Five-ingredient meal prep works because it strips cooking down to its essentials: one protein, one carb, one or two vegetables, and a sauce — with salt, pepper, oil, and water as free staples. Each of these 12 recipes cooks in under 35 minutes, costs $2–4 per serving, and holds 4 days in the fridge. The real money-saver is overlap: pick three recipes that share a bulk protein or carb, cook them in one 90-minute Sunday session, and a full week of 15 meals lands near $38. Keep chicken thighs, ground turkey, rice, frozen vegetables, eggs, and canned beans on hand, and you can prep a week from this list anytime without a long shopping trip. Start this Sunday with three recipes and one grocery run.

Frequently Asked Questions

What are the best 5-ingredient meal prep recipes?

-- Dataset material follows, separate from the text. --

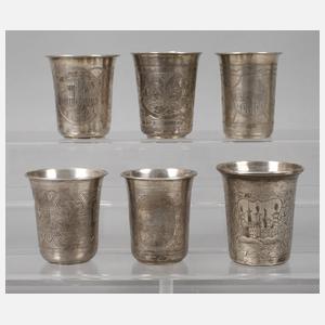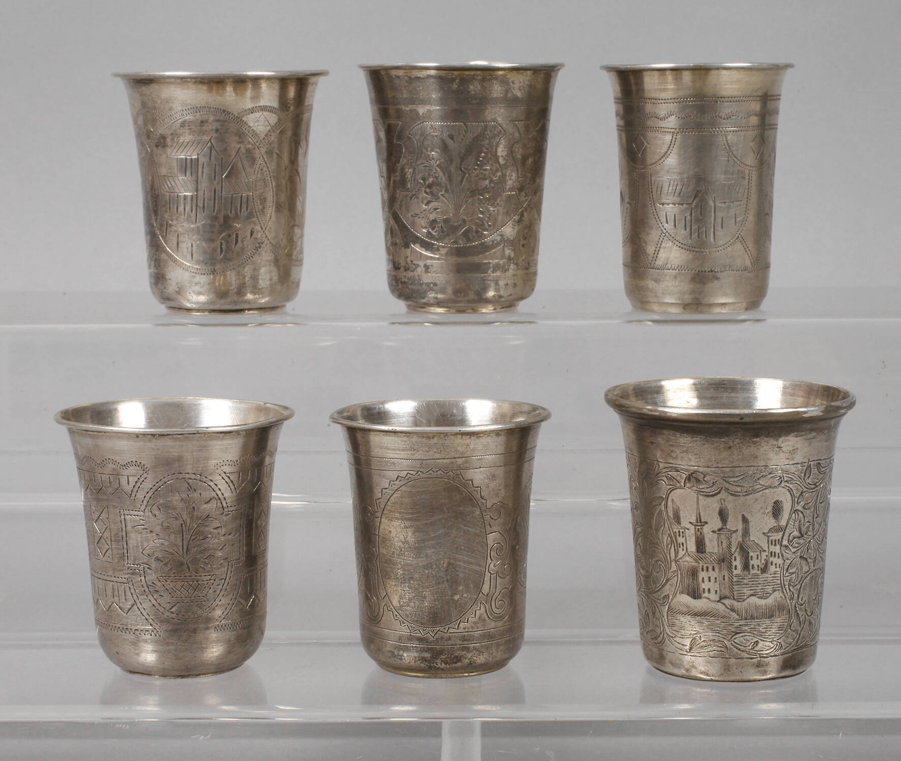 2. Hälfte 19. Jh., verschieden gestempelt und graviert, teilweise gedellt, H max. 7,5 cm, G ca. 332 g.

The best 5-ingredient meal prep recipes use one protein, one carb, and one or two vegetables plus a sauce or seasoning. Sheet-pan chicken and broccoli, taco-seasoned ground turkey bowls, and baked salmon with rice all cook in under 35 minutes and cost $2–4 per serving.
Do salt, pepper, and oil count as ingredients?
No. In 5-ingredient recipes, salt, pepper, cooking oil, and water are treated as free pantry staples that don't count toward the five. The five ingredients are the items you actually shop for, which keeps grocery lists short and costs low.
How much does 5-ingredient meal prep cost per serving?
Most 5-ingredient meal prep meals cost $2–4 per serving when built on bulk proteins like chicken thighs ($1.99/lb), eggs, ground turkey, or canned beans. Buying one bulk protein and reusing it across three recipes keeps a full week near $40–55 per person.
How long does 5-ingredient meal prep last in the fridge?
Cooked 5-ingredient meals last 4 days in the fridge at 40°F or below. Proteins and grains degrade fastest, so eat them by day 4 or freeze for up to 3 months. Dishes with dressing on the side last slightly longer than pre-assembled ones.
Can you meal prep with only 5 ingredients and still get enough protein?
Yes. A single protein-forward ingredient like chicken thighs, ground turkey, eggs, or beans delivers 25–40g of protein per serving on its own. Pair it with a carb and a vegetable and most 5-ingredient bowls hit 30–45g protein without any extra add-ins.
What 5 ingredients should you always keep for easy meal prep?
Keep chicken thighs or ground turkey, rice or potatoes, frozen mixed vegetables, eggs, and canned beans on hand. These five staples combine into dozens of meals, store well, and cost under $0.06 per gram of protein, making spontaneous prep cheap and fast.